Strömholm completed his secondary education at Högre allmänna läroverket in Uppsala in 1949. He then studied at Union College in Schenectady, New York, from 1949 to 1950 and earned a Candidate of Law degree from Uppsala University in 1957. During his time at Uppsala University, he was a member of Uplands nation, served as president of the Uppsala Student Union, and chaired the university's International Committee.

==Career==
Strömholm completed his court service from 1958 to 1959 before joining the Ministry for Foreign Affairs as an attaché in 1959. He was stationed in Brussels from 1960 to 1962 and in Madrid in 1962. From 1963 to 1966, he served as an administrative officer (kanslisekreterare) in the legal department of the Ministry for Foreign Affairs. He then worked as first secretary at the Swedish embassies in Cairo (1966–1971) and Paris (1971–1976). Returning to the ministry, he became deputy director (kansliråd) in the legal department from 1976 to 1978 and was later appointed deputy director-general (departementsråd) in 1978.
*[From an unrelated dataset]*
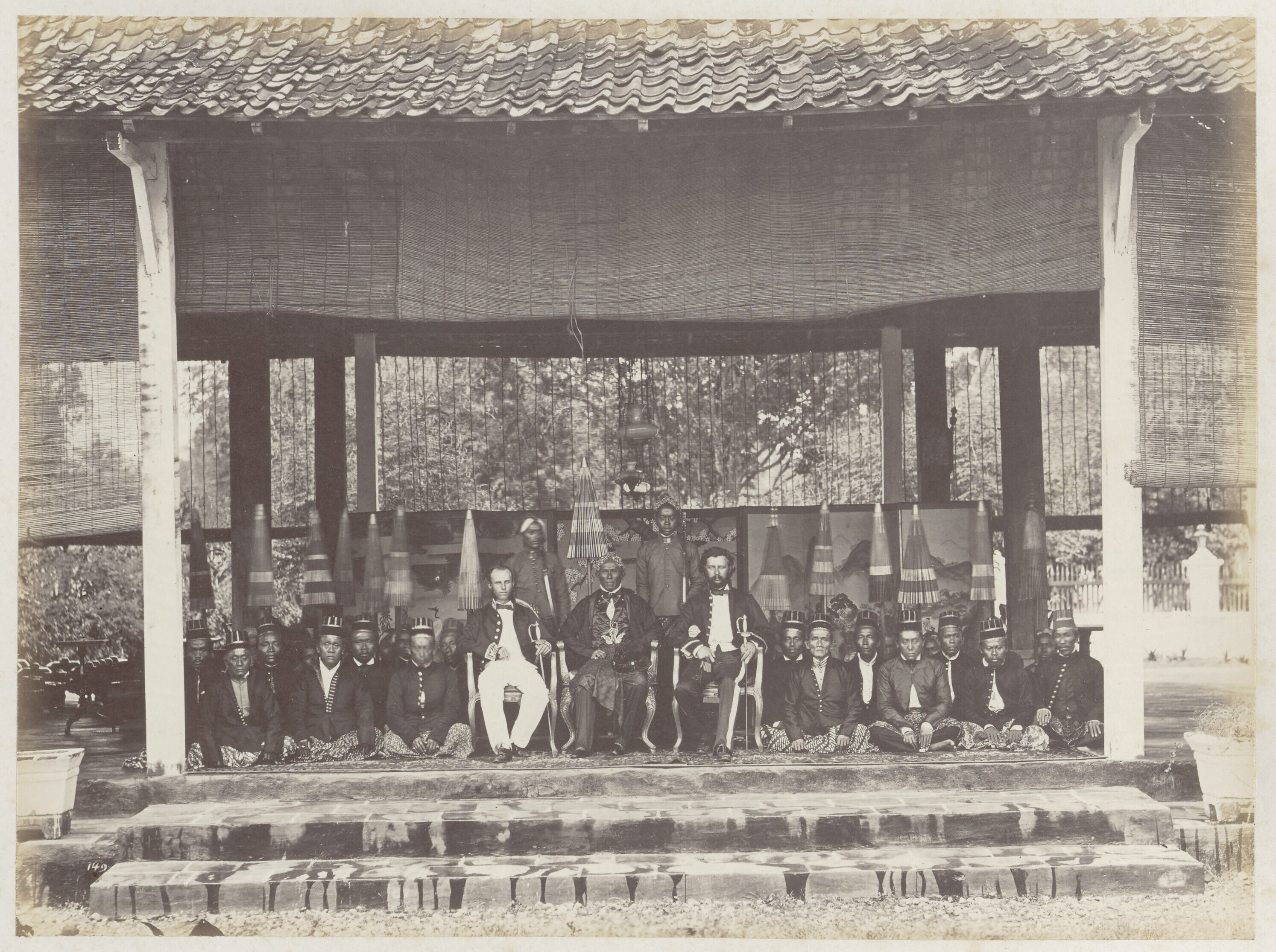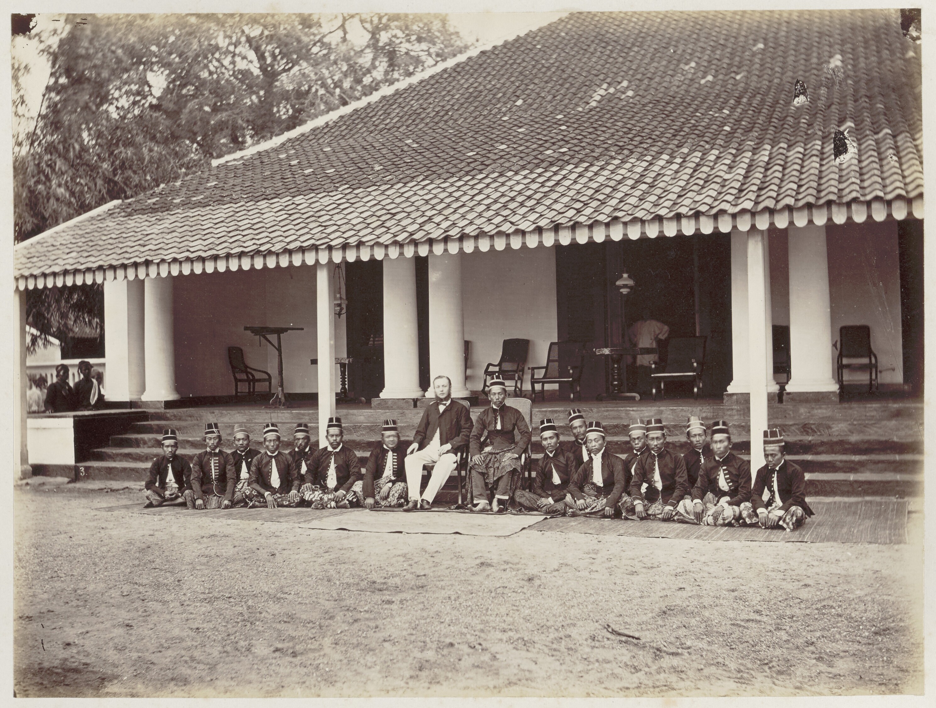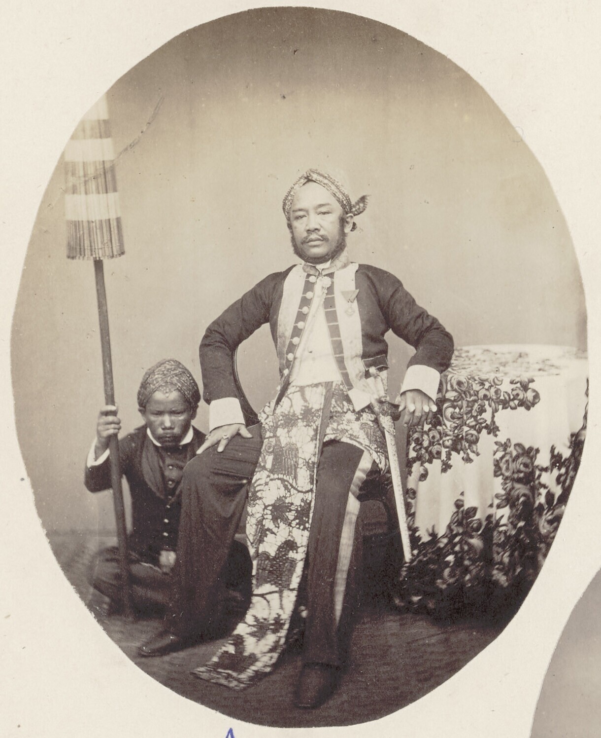 Portret van een Javaanse vorst of notabele met twee ...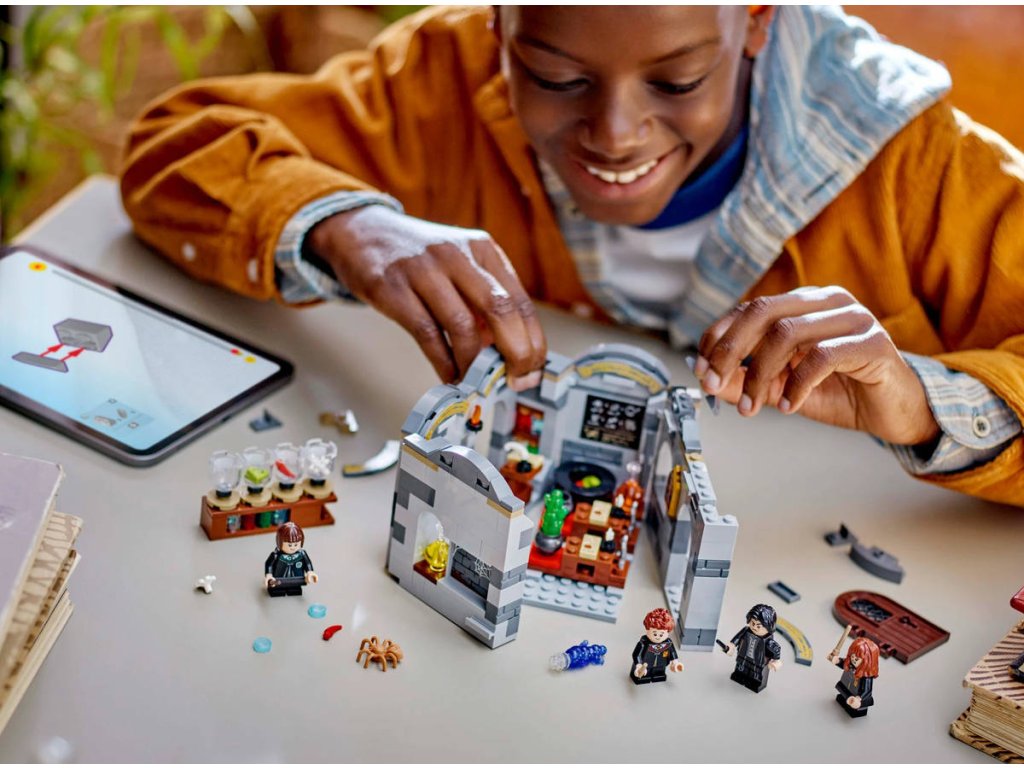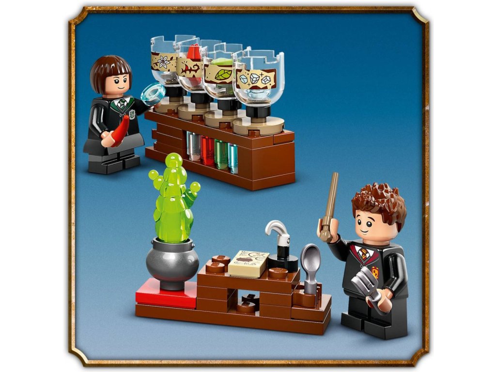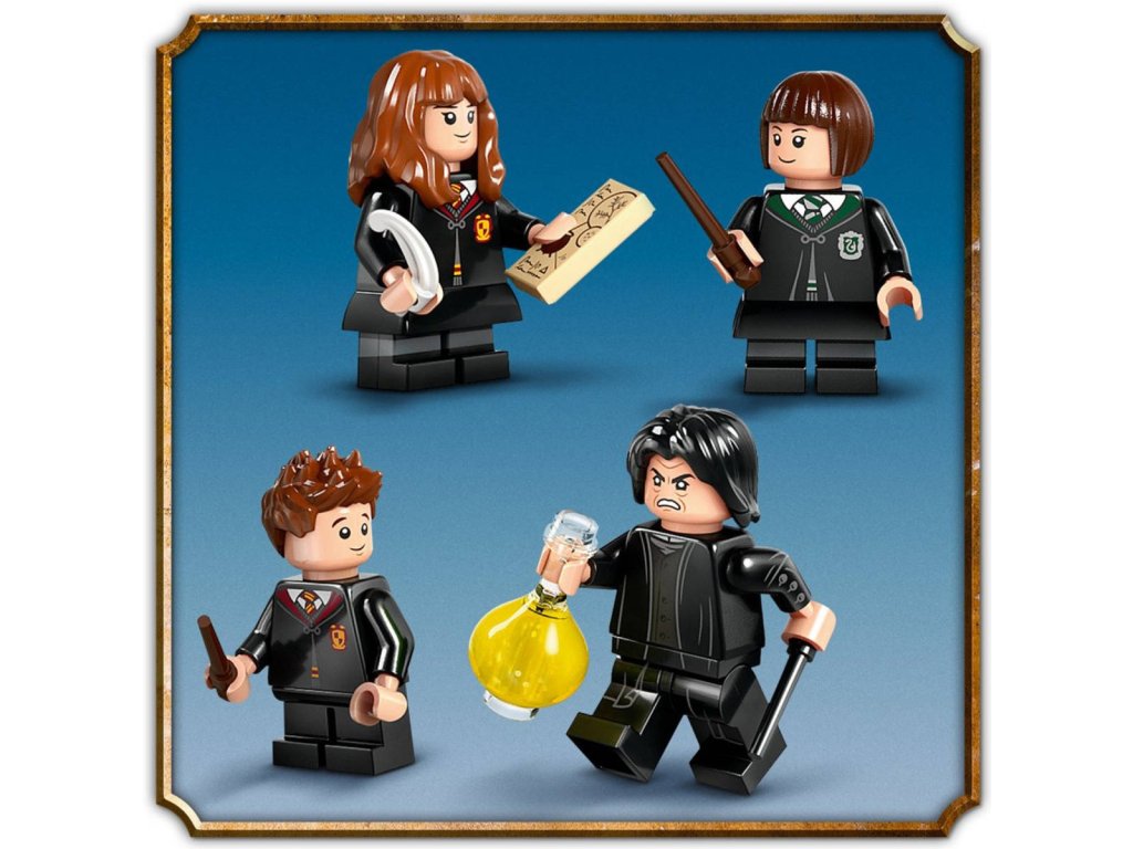 LEGO 76433 - Bradavický hrad Hodina lektvarů z produktové řady LEGO HARRY POTTER - Dětské plastové kostky v krabici.Zapište svou malou čarodějku, kouzelníka nebo mudlu na hodinu lektvarů na Bradavickém hradě s touto sběratelskou stavebnicí pro děti od 8 let. Sada obsahuje sestavitelnou učebnu ze světa Harryho Pottera, kterou lze otevřít pro snadný přístup. Prozkoumejte celou řadu autentických detailů – tabuli s postupy na výrobu lektvarů, lahvičkami s dílky představujícími přísadami do lektvarů, které můžete míchat v kotlíku, a dalším vybavením, které malé stavitele inspiruje ke kreativnímu hraní. Nechybí 2 ze 14 sběratelských bradavických portrétů a minifigurka LEGO profesora Severuse Snapea a studentů Hermiony Grangerové, Pansy Parkinsonové a Seamuse Finnigana, se kterými si děti připomenou příběhy z filmů o Harrym Potterovi. Tato kouzelná stavebnice je skvělý způsob, jak dětem a novým fanouškům Harryho Pottera představit svět čar a kouzel z kostek LEGO. Tato sada je součástí řady modulárních stavebnic LEGO Harry Potter (prodávají se samostatně), jejichž spojením vytvoříte ten největší Bradavický hrad z kostek LEGO vůbec.

In 1979, Strömholm was appointed ambassador to Beirut, with additional accreditations in Damascus and Amman. He arrived in Beirut in the midst of the Lebanese Civil War. During his first year in Beirut, he was involved in securing the release of Swedish citizen Hans Ehn, who had been kidnapped by the Palestine Liberation Organization (PLO) in early January. Ehn was freed in July of that year. In late September 1980, Strömholm worked at the Swedish evacuation center in Amman, assisting in the evacuation of 250 Swedes from war-torn Baghdad, which had come under Iranian airstrikes.

In May 1982, just weeks before the outbreak of the Lebanon War, discussions arose about the possible closure of the Swedish embassy in Beirut. The TCO division at the Ministry for Foreign Affairs urged the ministry to weigh the benefits of keeping four Swedish staff members in place against the risks they faced in the city's escalating violence. An evacuation plan was in place, and embassy operations had already been scaled down to a minimum. Strömholm had been caught in crossfire multiple times. The embassy, located on the western side near the dangerous Green Line, overlooked Beirut's devastated center. Some operations had already been transferred to Amman, where Strömholm was also accredited in Jordan and Syria.

At the start of the war, the Swedish embassy in Beirut was evacuated. Strömholm and embassy secretary Marie-Elise Gunterberg monitored the conflict from the city's eastern districts. On 10 June, Strömholm sent a telex to the Ministry for Foreign Affairs reporting that columns of smoke from bomb explosions were rising over western Beirut, where the Swedish embassy was located. The ministry had given Strömholm and Gunterberg the freedom to leave Lebanon whenever they deemed it necessary, but escape routes had been cut off. That same day, the two Swedish diplomats worked from the honorary consul's office to assist the few Swedes still in Beirut. On 14 June 1982, the Siege of Beirut began. In the following days, Strömholm helped evacuate 22 women and children by ship to Cyprus.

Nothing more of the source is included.